Nesta set her jaw and turned her neck to roll a shoulder, out from Imogene’s macabre grip. Nary did this bastard girl be downadmonished by a show of bastardy. Never did our Nesta’s eyes depart from Imogene’s. “Yes, my marm, I follow eft your lead. I take your droit and keep it safe from all the useful men. Heaven help you, Imogene, I never seen you spooked like this before!”

Imogene, deflated then. Loosed she up her grip on Nesta’s collar. Stepped she back a scoche. “You could pretend, for me, my dear, to take my manner serious when I dost grab you so?”

“Nesta Mortimer don’t scare so easy, marm. But ere, for you, before the boys? I’ll play the rôle of Ebren for your shew.” She grinned a wicked grin. She fussed at her hindquarters then, scratching itches up where cramping up a bit from getting off the palfreys some ago.

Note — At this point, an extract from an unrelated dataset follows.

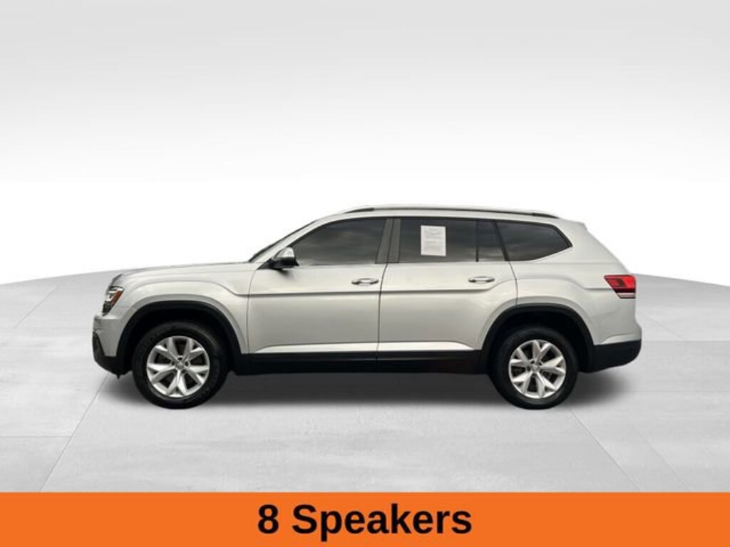 Reflex Silver Metallic 2018 Volkswagen Atlas 3.6L V6 SE 4Motion 3.6L VR6 8-Speed Automatic with Tiptronic AWD 3.60 Axle Ratio, 3rd row seats: split-bench, 4-Wheel Disc Brakes, 8 Speakers, ABS brakes, AM/FM radio: SiriusXM, Compass, Driver door bin, Driver vanity mirror, Dual front side impact airbags, Electronic Stability Control, Emergency communication system: VW Car-Net, Exterior Parking Camera Rear, Front anti-roll bar, Front Bucket Seats, Front Center Armrest, Front fog lights, Heated Front Bucket Seats, Heated front seats, Illuminated entry, Occupant sensing airbag, Passenger door bin, Power door mirrors, Power driver seat, Power steering, Power windows, Radio data system, Rear air conditioning, Rear reading lights, Rear seat center armrest, Roof rack: rails only, Security system, Speed control, Spoiler, Standard Suspension, Traction control, Turn signal indicator mirrors, V-Tex Leatherette Seating Surfaces, Wheels: 18 Prisma Alloy.

Unlike her to be so clucky, estimated Nesta. Something be afoot indoor. And Imogen pulled open of the mighty oaken door by circlet, iron-wrought, and let then in some light into the great hall from the Southern side. 

The motelets danced in sunbeams as they jiggarded to hide, and could they smell the mixed aroma of a life well fully-lived by Vikings of some generations now and sorely passed. Two hundred years of feasts and fights; two hundred years of victories, and schemings and of vice. Two centuries of gambling and singing ribald songs, and fires licking up the oaken beams when some the kingsmen turned to knaves by alcohol, that fickle fluid flowing through the veins. All of this and more well met their noses here within the heart of heart of hearts of Normandy: the Bastard’s Castle, heart supreme.